Sometimes, simple is best.

Short sentences. Black coffee. Blue jeans. T-shirts. Unadorned strawberries. Naps. Hand-written letters. Flip-flops. Daisies. Carole King. Garrison Keillor. Ina Garten. Baseball. Picnics. Peaches. Balloons. Fluffy pillows. Favorite blankets. Records. Sesame Street. Shel Silverstein. Charles M. Schulz. Walking. Grilling. Floating. Aspirin. Good socks. Good chairs. Good friends. Bowling. Regina Spektor. Crossword puzzles. Limericks. Haiku. Ogden Nash. Like Merchant Ships. The Wizard of Oz. Fishing. Planting. Climbing. Otis Redding. Wood floors. First-floor walkups. First apartments. Natural light. Beagles. Pizza. Beer. Cards. Owning one purse. Owning one pair of sunglasses. Owning three great bras. Fireworks. Sparklers. Cardboard Boxes. BUBBLE WRAP. Long drives. Uninterrupted countryside. Trees. Light breezes. Long days. Drawing. Finger painting. Ponytails. Olives. Swingsets. Slides. See-saws. Sand. Outdoor concerts. Motown. Ska. Rockabilly. Candles. Holding hands. Gardens. Thank you notes. Bananas. Wood frames. Radio.

Peas with Prosciutto and Mint from The Kitchn.

The better your ingredients, the better this dish will be. But I gotta say, I used frozen generic peas, mid-range prosciutto, and mint from my backyard, and it was really good nonetheless. The Husband-Elect and I ate it with an arugula salad and some grilled chicken, and basically, it was summer on a plate. It might even make you crave peas, which I’m pretty sure has never happened to any human.

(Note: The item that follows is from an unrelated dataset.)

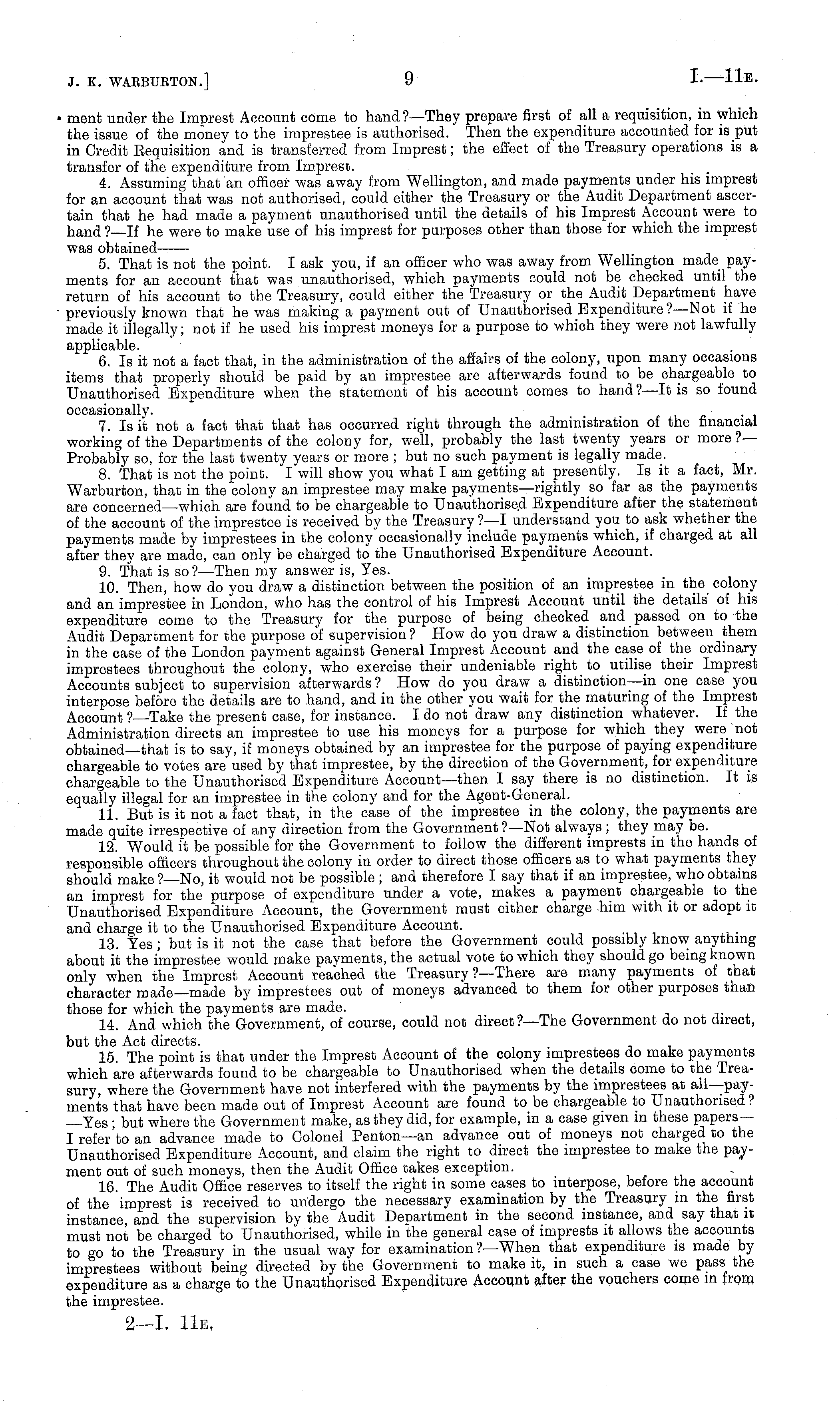 ment under the Imprest Account come to hand?—They prepare first of all a requisition, in which the issue of the money to the imprestee is authorised. Then the expenditure accounted for is put in Credit Eequisition and is transferred from Imprest; the effect of the Treasury operations is a transfer of the expenditure from Imprest. 4. Assuming that an officer was away from Wellington, and made payments under his imprest for an account that was not authorised, could either the Treasury or the Audit Department ascertain that he had made a payment unauthorised until the details of his Imprest Account were to hand ?—lf he were to make use of his imprest for purposes other than those for which the imprest was obtained 5. That is not the point. I ask you, if an officer who was away from Wellington made payments for an account that was unauthorised, which payments could not be checked until the return of his account to the Treasury, could either the Treasury or the Audit Department have previously known that he was making a payment out of Unauthorised Expenditure?—Not if he made it illegally; not if he used his imprest moneys for a purpose to which they were not lawfully applicable. 6. Is it not a fact that, in the administration of the affairs of the colony, upon many occasions items that properly should be paid by an imprestee are afterwards found to be chargeable to Unauthorised Expenditure when the statement of his account comes to hand ?—lt is so found occasionally. 7. Is it not a fact that that has occurred right through the administration of the financial working of the Departments of the colony for, well, probably the last twenty years or more ?— Probably so, for the last twenty years or more ; but no such payment is legally made. 8. That is not the point. I will show you what lam getting at presently. Is it a fact, Mr. Warburton, that in the colony an imprestee may make payments—rightly so far as the payments are concerned—which are found to be chargeable to Unauthorised Expenditure after the statement of the account of the imprestee is received by the Treasury ?—I understand you to ask whether the payments made by imprestees in the colony occasionally include payments which, if charged at all after they are made, can only be charged to the Unauthorised Expenditure Account. 9. That is so? —Then my answer is, Yes. 10. Then, how do you draw a distinction between the position of an imprestee in the colony and an imprestee in London, who has the control of his Imprest Account until the details' of his expenditure come to the Treasury for the purpose of being checked and passed on to the Audit Department for the purpose of supervision? How do you draw a distinction between them in the case of the London payment against General Imprest Account and the case of the ordinary imprestees throughout the colony, who exercise their undeniable right to utilise their Imprest Accounts subject to supervision afterwards ? How do you draw a distinction—in one case you interpose before the details are to hand, and in the other you wait for the maturing of the Imprest Account ? —Take the present case, for instance. Ido not draw any distinction whatever. If the Administration directs an imprestee to use his moneys for a purpose for which they were not obtained—that is to say, if moneys obtained by an imprestee for the purpose of paying expenditure chargeable to votes are used by that imprestee, by the direction of the Government, for expenditure chargeable to the Unauthorised Expenditure Account—then I say there is no distinction. It is equally illegal for an imprestee in the colony and for the Agent-General. 11. But is it not a fact that, in the case of the imprestee in the colony, the payments are made quite irrespective of any direction from the Government ?—Not always ; they may be. 12. Would it be possible for the Government to follow the different imprests in the hands of responsible officers throughout the colony in order to direct those officers as to what payments they should make ?—No, it would not be possible; and therefore I say that if an imprestee, who obtains an imprest for the purpose of expenditure under a vote, makes a payment chargeable to the Unauthorised Expenditure Account, the Government must either charge him with it or adopt it and charge it to the Unauthorised Expenditure Account. 13. Yes ; but is it not the case that before the Government could possibly know anything about it the imprestee would make pavments, the actual vote to which they should go being known only when the Imprest Account reached the Treasury ?—There are many payments of that character made—made by imprestees out of moneys advanced to them for other purposes than those for which the payments are made. 14. And which the Government, of course, could not direct ?—The Government do not direct, but the Act directs. 15. The point is that under the Imprest Account of the colony imprestees do make payments which are afterwards found to be chargeable to Unauthorised when the details come to the Treasury, where the Government have not interfered with the payments by the imprestees at all—payments that have been made out of Imprest Account are found to be chargeable to Unauthorised ? —Yes ; but where the Government make, as they did, for example, in a case given in these papers— I refer'to an advance made to Colonel Penton—an advance out of moneys not charged to the Unauthorised Expenditure Account, and claim the right to direct the imprestee to make the payment out of such moneys, then the Audit Office takes exception. 16. The Audit Office reserves to itself the right in some cases to interpose, before the account of the imprest is received to undergo the necessary examination by the Treasury in the first instance and the supervision by the Audit Department in the second instance, and say that it must not be charged to Unauthorised, while in the general case of imprests it allows t

So get out there and make some. Also, sweat some small stuff. It’s a good thing.

Peas with Prosciutto and Mint
Makes 4 side servings
Adapted from The Kitchn.

2 cups fresh or defrosted frozen shelled peas
1 tablespoons olive oil
1/4 teaspoon freshly ground pepper
1/4 teaspoon coarse sea salt or kosher salt
6 mint leaves, sliced very thin (chiffonade)
1 ounce (about 2 thin slices) prosciutto, torn into bite-sized pieces

1) Fill a medium bowl with cold water and a few ice cubes.

2) Fill a medium pot with water and bring to a boil. Add salt. Add peas. Cook only a coupla seconds, until peas are defrosted/warmed. Drain. Pour peas in the ice bath so they stop cooking. Drain.

2) In a medium serving bowl (or you can wipe and re-use the ice bowl), add olive oil, pepper, and salt. Whisk it together. Add peas. Stir. Add mint. Stir. Add prosciutto. Gently stir. Serve.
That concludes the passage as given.